Introducing the theme for discussion, IIM Amritsar students delivered a few presentations on the themes of the Conclave and briefly introduced the audience about the rise and prevalence of gig workforce in India and how Gen Z is being accommodated in the modern workplace. The first team of presenters comprising of Mr. Sambhav Jain and Mr. Rahul Sehgal of PGP05 informed the audience that gig economy has been expanding and making inroads through conventional organizational setups. The second team of presenters comprising of Mr. Rishabh Parakh and Mr. Mohit Dugar of PGP05 talked about how modern workplaces are updating their policies and practices to accommodate the incoming Gen Z employees.
Mr. Prashant Srivastava was the moderator of the first session. He began the discussion by posing a question before the students. He asked how many students would prefer to get a healthy salary in the beginning of each month and who are willing to become gig workers and sell their skills and work for new employers. He was visibly impressed by the response by the students who preferred to engage in gig economy. Mr. Prashant highlighted the challenges of gig economy and raised the question of self-actualization among the workers based on Maslow hierarchy of human needs. The challenge also lies in the differing mindsets of the employees and the employers. As corporates, their mindset is American while the employees have an Asian mindset. How we marry the two distinctly diagonal dimensions to land in a win-win situation is the crux of the discussion.
Mr. Rajendra Mehta began by demonstrating that the practices that originate in the USA, when introduced in India shall definitely thrive and become successful. The cities of Delhi and Mumbai have large base for gig workforce. The momentum will continue to build and propagate to the other large cities with population greater than 1 crore. Mr. Rajendra said that gig economy is typically the ‘uberisation’ of skills where spare talent can be utilized for cost optimization.
Mr. Bikram Naik said that the common thinking is to associate gig with delivery boys and drivers and this is how the gig economy actually originated. The underlying thought is to realize that the low skill range workers like cab drivers are working for technology-driven companies and are getting accustomed to the technology. This will definitely lead to sustainability of gig economy in the long run. Mr. Bikram emphasized that the gig workers are essentially ‘engaged’ and not ‘hired’ and this potentially adds to the win-win scenario.

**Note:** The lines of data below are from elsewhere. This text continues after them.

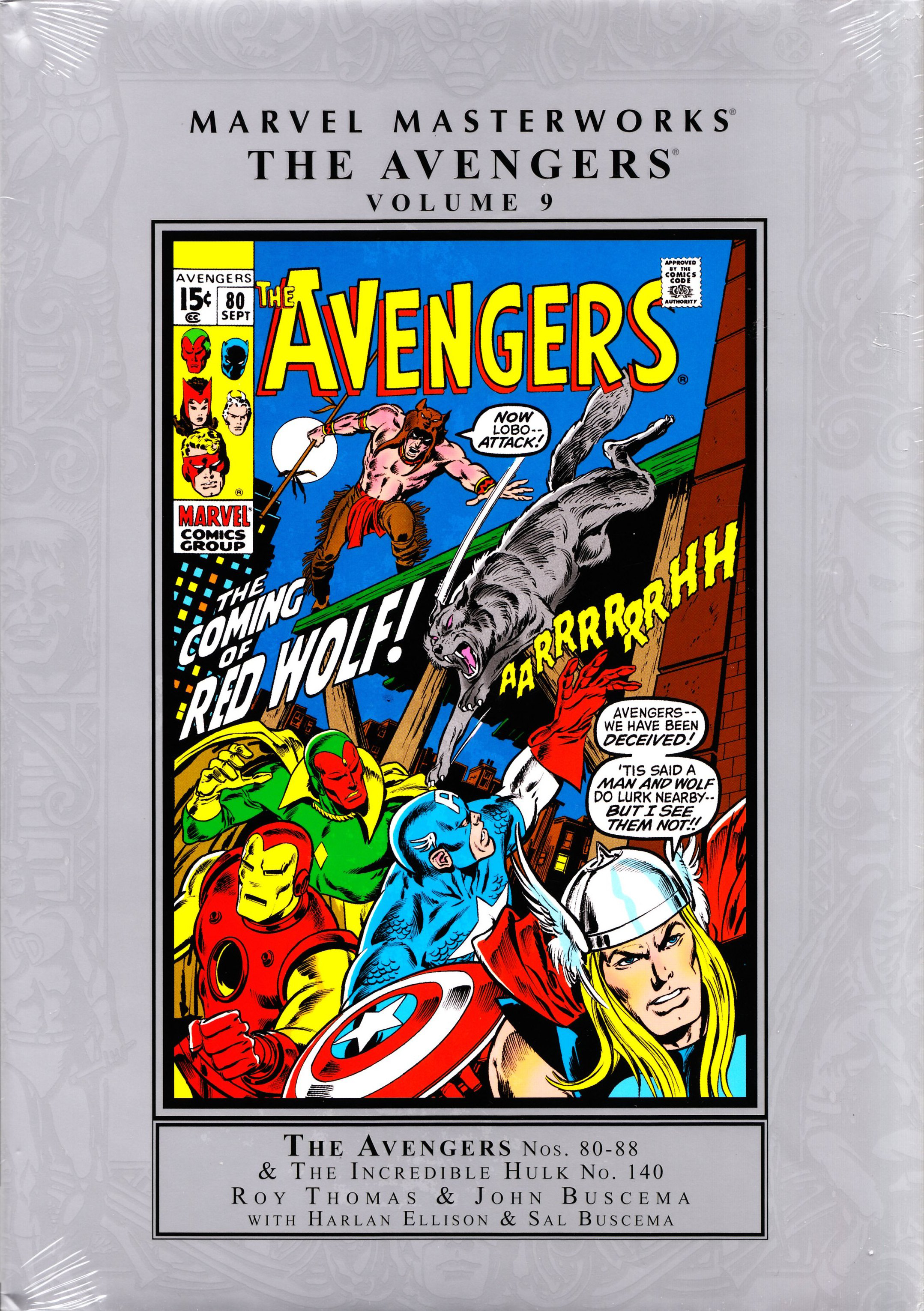 Rascally Roy Thomas and Big John Buscema are back again with another batch of true Avengers classics! They've packed so many fantastic firsts into these pages, there's no time to delay so here we go: First you'll meet a new face in the Marvel Universe, the Native American hero, Red Wolf! Then, it's all-out invasion when the Zodiac take over Manhattan, followed by the first appearance of the Defender-to-be, Valkyrie and the Lady Liberators. Then comes a set of other-dimensional threats that helped defined a decade: the sword-and-sorcery menace, Arkon, and the evil super-team, the Squadron Sinister. Follow that up with the origin of the Black Panther, and a crossover classic penned by Roy and the award-winning titan of speculative fiction, Harlan Ellison, that pits the Avengers with the Hulk in an adventure that changed ol' Greenskin forever. With guest-star appearances by Peter Parker, Aunt May, the Fantastic Four, Black Widow, the Inhumans' Medusa, Professor X and Roy Thomas himself there's no denying that the entire Marvel Universe has fallen in for this one, so reserve that copy today, True Believer! Collecting AVENGERS #80-88 & INCREDIBLE HULK #140.
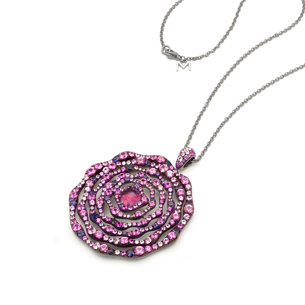 Pendant Aqua in titanium, white diamonds, pink sapphires, iolite and rubellite
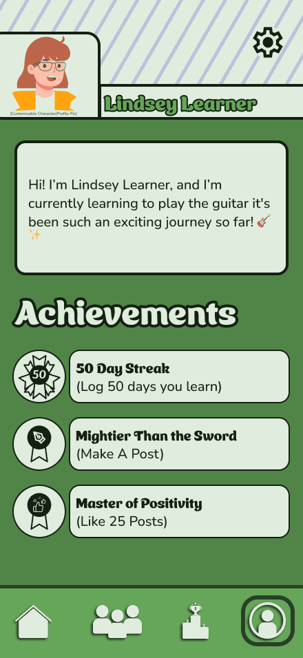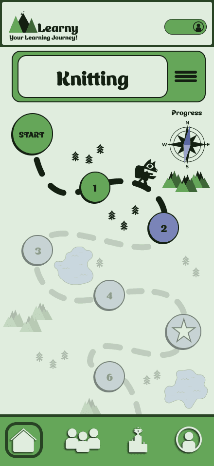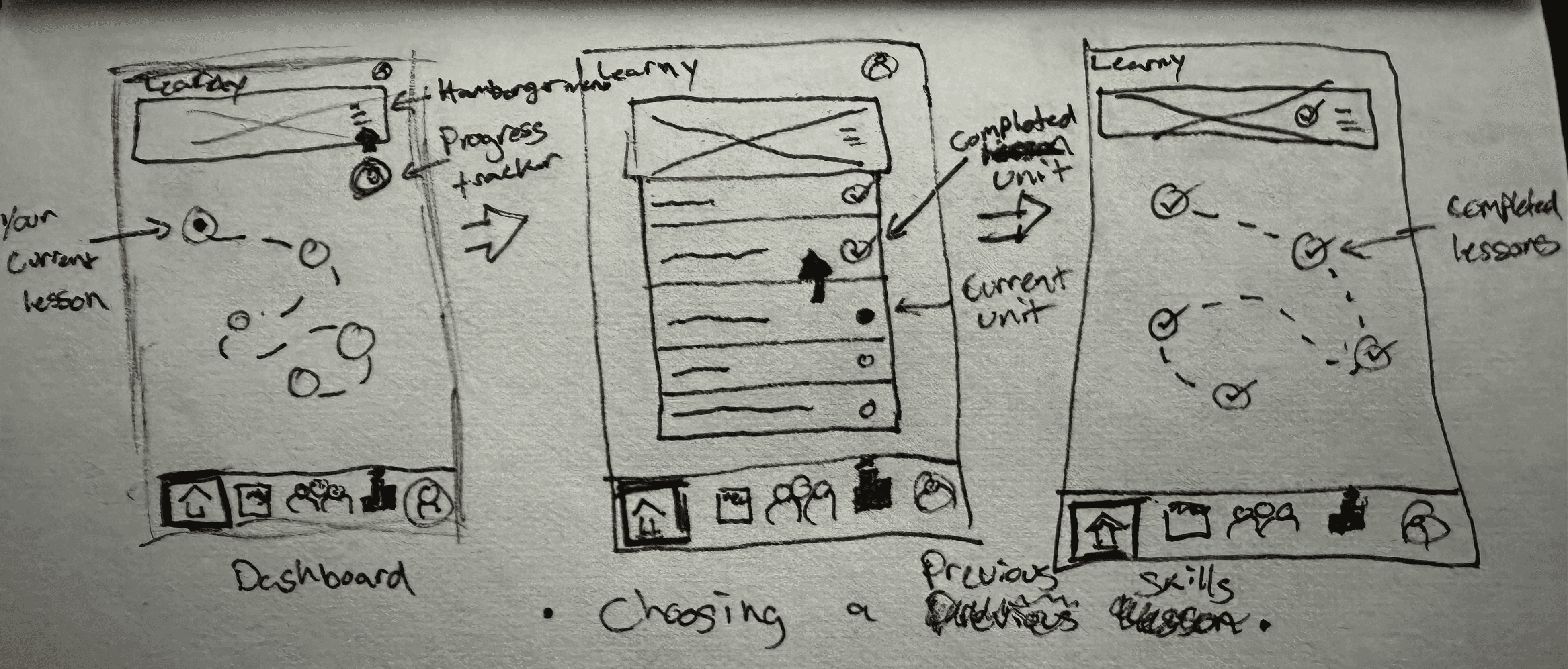 Taking the time to design Learny's Lo-Fi wireframe where the emphasis was on the gamification was a challenge to come up with and express when it came to the layout, but once I got the concept everything else fell into place.
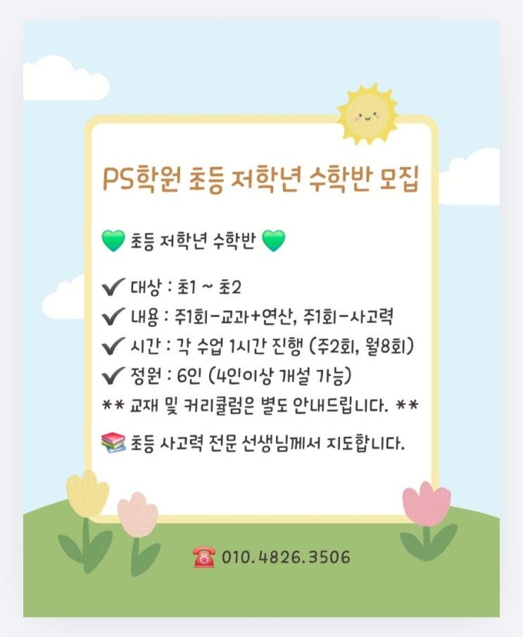 (초1~2) 초등수학반 모집
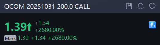 There are 640.61K Qualcomm option contracts traded on Monday, up 857% from the previous trading day. Call options account for 69% of overall option trades. Particularly high volume was seen for the $200 strike call option expiring October 31, with 51,410 contracts trading. QCOM 20251031 200.0 CALL

While recalling an ‘engagement’ opportunity offered to an air hostess, he realized that social security and loneliness are primary challenges faced by gig workforce.
Ms. Sonali described how for existential purposes in the USA, people began selling their skills for short-term assignments and the trend has only increased since. Ms. Sonali asked the students to ponder that as a social fabric of the nation, are we ready for gig economy considering the security and kind of opportunities that are available. Huge psychological safety net that the corporate setup provides to permanent employees is definitely a challenge for gig economy. The kind of preparedness that corporate needs to have to recognize, understand and accept the new culture of gig workforce and to mete out justice to them is the question to be answered.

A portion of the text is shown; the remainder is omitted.